Major (Johansson) is a cyborg soldier, with a robot body – her “shell” – and a human brain and soul – her “ghost”. No one has seen ‘Robocop’, so they all think this is cool, and going to work out fine. As soon as she is functional, she is partnered up with Batou (Asbæk), and sent out into the futuristic world to combat terrorism as part of “Section 9”: an elite unit led by Aramaki (Kitano).

A cyber-terrorist, Kuze (Pitt), is hacking robots and people with enhancements to puppeteer them into offing high-ranking members of a cybernetics company, and Section 9 are tasked with tracking him down and eliminating him. Things get personal fast when Major discovers that Kuze’s next target is her friend and maker, Doctor Oulet (Binoche), and that she has been lied to about her past.

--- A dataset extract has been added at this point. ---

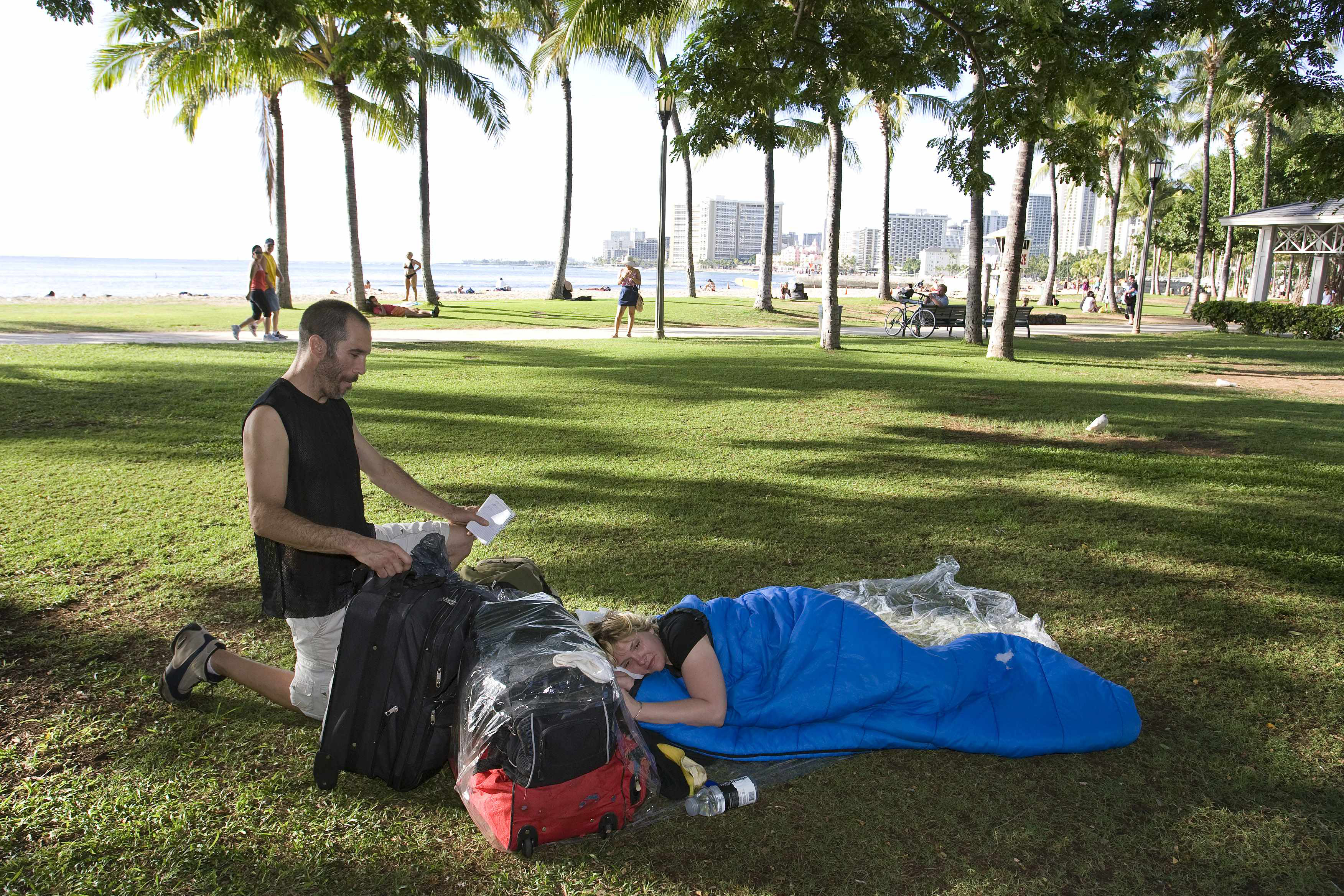 Dan Ernesto, left, looks for some important papers as his girlfriend, Kristen Jacobs, right, naps Friday at Kapiolani Park in Waikiki, Hawaii. Because of the bad economy on Oahu, many have lost their jobs and now find themselves homeless and living in the park.

Scarlett Johansson is incredible at action, throwing herself into an array of awesome set pieces, but also conveying the tragedy of losing herself. The character’s “whitewashing” worries are also allayed by actually being a rather important plot point that I will not spoil. Pitt’s performance is great too. An angry and confused supervillain who becomes obsessed with Major, taunting her into a “deep dive” hacking sequence that would give cyberpunk pioneer William Gibson a boner.

The support is mostly wonderful with Asbæk’ Batou a sweet but tough counterpoint to Major’s emotional deadbolts. Kitano’s role is fairly small but plum and pivotal. He is ice cold here, and on the receiving end of some kick ass scenes – mentally and physically sparring with just as much intensity, and doing more with his steely gaze and single eye blinks than most actors can muster in their best performances. Unfortunately, the team is let down by a truly awful cockernee character whose only contributions to the film are inflicting theatre-wide cringes with a single utterance.

Sanders visuals are outstanding with Blade Runner-beating cityscapes infested with fifty-foot holographic adverts and a decrepit dystopian ground level. The director’s handle on the film’s rad action is tight too. Shoot outs, chases, scraps and gawp-inducing free falls are bright and colourful with clear choreography and muscle straining physicality.

There is some watering down of the anime’s complex politics, thematics and ponderings on humanity to easily digestible heard-before sound bites, and there is also a constant repetition of the explanation of what the “ghost” and the “shell” are which grates at times. However, ‘Ghost in the Shell’ is an eye frying, mind-blowing cyber-fi, that should be seen on the biggest, 3D-est screen you can find.

Ghost in the Shell is released in the UK on the 30th March, the US on 31st March and Japan on 7th April 2017.